How some cities are using hotels to help ‘box-in’ the virus
Quarantine and isolation of all exposed and infected people are critical steps to stop the spread of COVID-19. So critical, in fact, that they make up two of the four steps Dr. Tom Frieden has told mayors are necessary to “box-in” the virus.
And while communities have made substantial progress when it comes to testing and are beginning to build their contact-tracing capacity, they’ve found that many residents — especially those who live in small or crowded homes — could use help when it comes to isolating themselves if they become infected.
That’s why some cities have started to turn empty hotels into isolation centers for people who have COVID-19 but don’t require hospitalization.
New York City has 20,000 hotel rooms set up for this purpose. Austin, Texas, has leased a couple of hotels to use as isolation facilities. And this week, San Francisco Mayor London Breed announced that unused hotel rooms the city had initially leased for essential health care and public safety workers now are available for residents with COVID-19 to isolate away from their families.
While many cities have been leasing hotels for frontline workers, or to bring homeless residents in off the streets, some argue the approach hasn’t been used enough for other populations who simply need a safe place to isolate. Studies show that virus transmission within households is a major factor in the spread of COVID-19.
As the Wall Street Journal reported this week, isolating sick patients in exhibition centers, dormitories, and other centers has been a key part of successful containment strategies in China, Singapore, South Korea, and other Asian countries.
While most Americans would bristle at compulsory isolation, voluntary measures in hotels along the lines of what some U.S. cities are doing are a worthwhile expense, says Harvey Fineberg, chair of the standing committee on emerging infectious diseases at the National Academies of Sciences, Engineering, and Medicine. “This incremental expense would actually be a rounding error in the overall cost of the pandemic,” Dr.
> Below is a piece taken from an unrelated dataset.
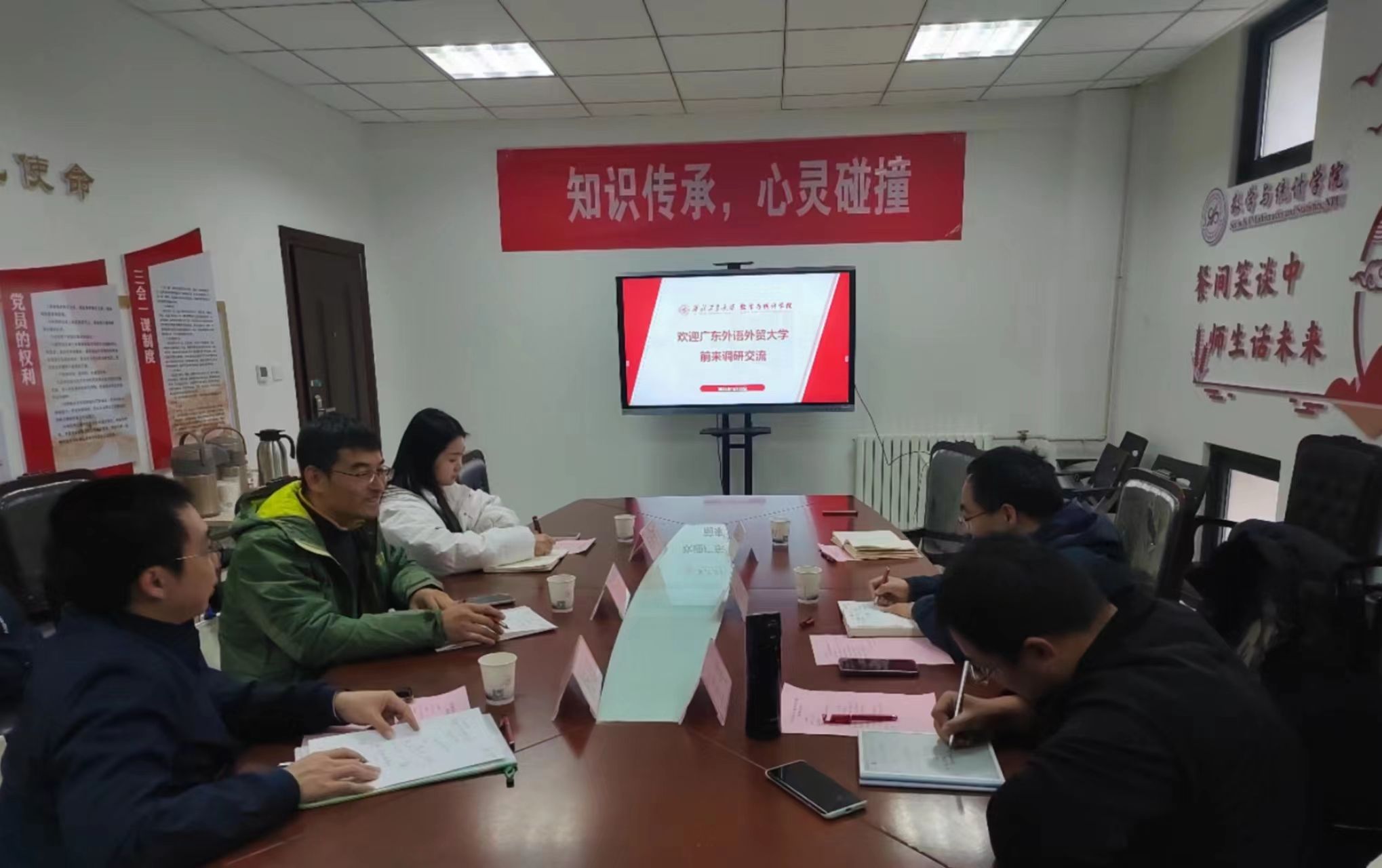12月22日下午,广东外语外贸大学香香腐宅 副院长刘建熙,教务部副部长、应用数学系主任杨超和教务秘书陈冰睿一行来我院调研座谈。学院本科教学副院长郭千桥,应用概率统计系主任王亮,教学秘书常昕烨参加会议。会议由郭千桥主持。

Fineberg told the Journal. “If all it did was to shorten the course of the pandemic by six weeks because it accelerates the deceleration, that would repay itself many times over.”
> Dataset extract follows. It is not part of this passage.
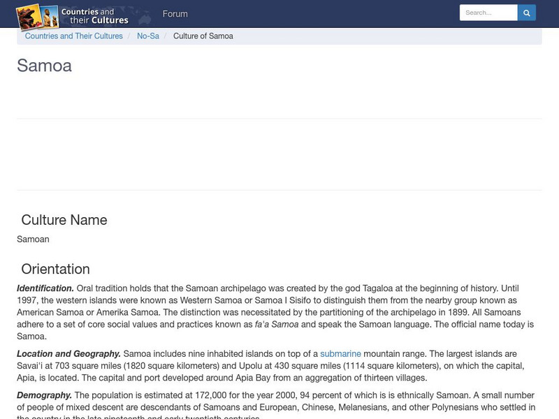 samoan, world culture encyclopedia: world cultures: culture of samoa, architecture of samoa, childhood in samoa, demography of samoa, economy of samoa, education in samoa, family life in samoa, geography of samoa, history of samoa, languages of samoa, politics of samoa, religions of samoa, social stratification in samoa, symbols of samoa, samoa

But turning a hotel into an isolation site requires much more than booking a bunch of rooms. Cities need to set up everything from the cleaning to the staffing. And while these aren’t hospitals, these facilities do require strong medical protocols and oversight in case residents develop severe symptoms. Last month, three recovering COVID-19 patients died in the same New York hotel after being discharged there from hospitals.
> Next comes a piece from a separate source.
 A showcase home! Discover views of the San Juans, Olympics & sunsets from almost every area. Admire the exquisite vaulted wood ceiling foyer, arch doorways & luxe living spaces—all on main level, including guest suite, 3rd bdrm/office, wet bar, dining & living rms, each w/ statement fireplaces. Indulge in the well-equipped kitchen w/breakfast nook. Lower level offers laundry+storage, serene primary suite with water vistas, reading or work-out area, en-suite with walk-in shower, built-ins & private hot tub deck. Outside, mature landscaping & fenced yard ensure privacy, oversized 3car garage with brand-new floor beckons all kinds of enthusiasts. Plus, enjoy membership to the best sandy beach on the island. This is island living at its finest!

Current guidelines from the U.S. Centers for Disease Control and Prevention call for people who are sick with mild cases of COVID-19 — or think they might be — to recover at home. The guidelines call on those patients to stay in a specific room, away from other people and pets, and to use a separate bathroom. When household space is limited, the CDC says the sick person should stay six feet away from others, among other precautions.
But that’s not always possible, said Tom Ambrosino, the city manager of Chelsea, Mass., which is one of the hardest-hit cities in the state.
Many of Chelsea’s 40,000 residents live in crowded conditions, Ambrosino said, including some situations where multiple families live in one apartment. That’s why Chelsea partnered with the neighboring city of Revere, to lease a Quality Inn hotel with almost 150 rooms to provide residents a place to recover without fear of infecting other members of their household.
Residents isolating at the hotel get three meals a day, plus on-site medical and behavioral health care provided by Massachusetts General Hospital. “It’s a well-run facility,” Ambrosino said, offering three factors other city leaders should consider if thinking about following Chelsea’s lead.
1. Convincing people to isolate can be tricky. As of May 12, the hotel was only about half full, with 78 guests staying there — 39 of them from Chelsea. “The natural inclination of people is to stay in the place where they’re comfortable, which tends to be their apartment, so we’ve been fighting against that,” Ambrosino said. “Second, this is a heavily immigrant community. There are a lot of undocumented residents, and there’s concern anytime the government is operating anything that this is a precursor to deportation. So there’s that fear factor we have to deal with.”
2. Room service isn’t what you might expect. The cities have had to handle many of the logistics themselves. “If you find a hotel owner willing to cooperate with you, they’re basically going to hand you the keys and tell you good luck,” Ambrosino said. “None of these operators are going to have any available staff for you. So staffing the place, from the front desk to linen service to garbage service to food service and everything and anything a hotel typically provides, the municipality is responsible for doing it.”
3. It will be expensive. Ambrosino estimates Chelsea and Revere have spent close to $1.2 million to run the hotel for 60 days, a tab they expect the federal government to reimburse. While Ambrosino does not expect the cities to continue the operation beyond the first week of June, he said it’s been a good tool to have available in the crisis. “If you’re an older urban city with lots of crowded housing, you’re going to face this problem,” he said. “This is an effective way to mitigate the spread of the virus, but it’s a very expensive proposition.”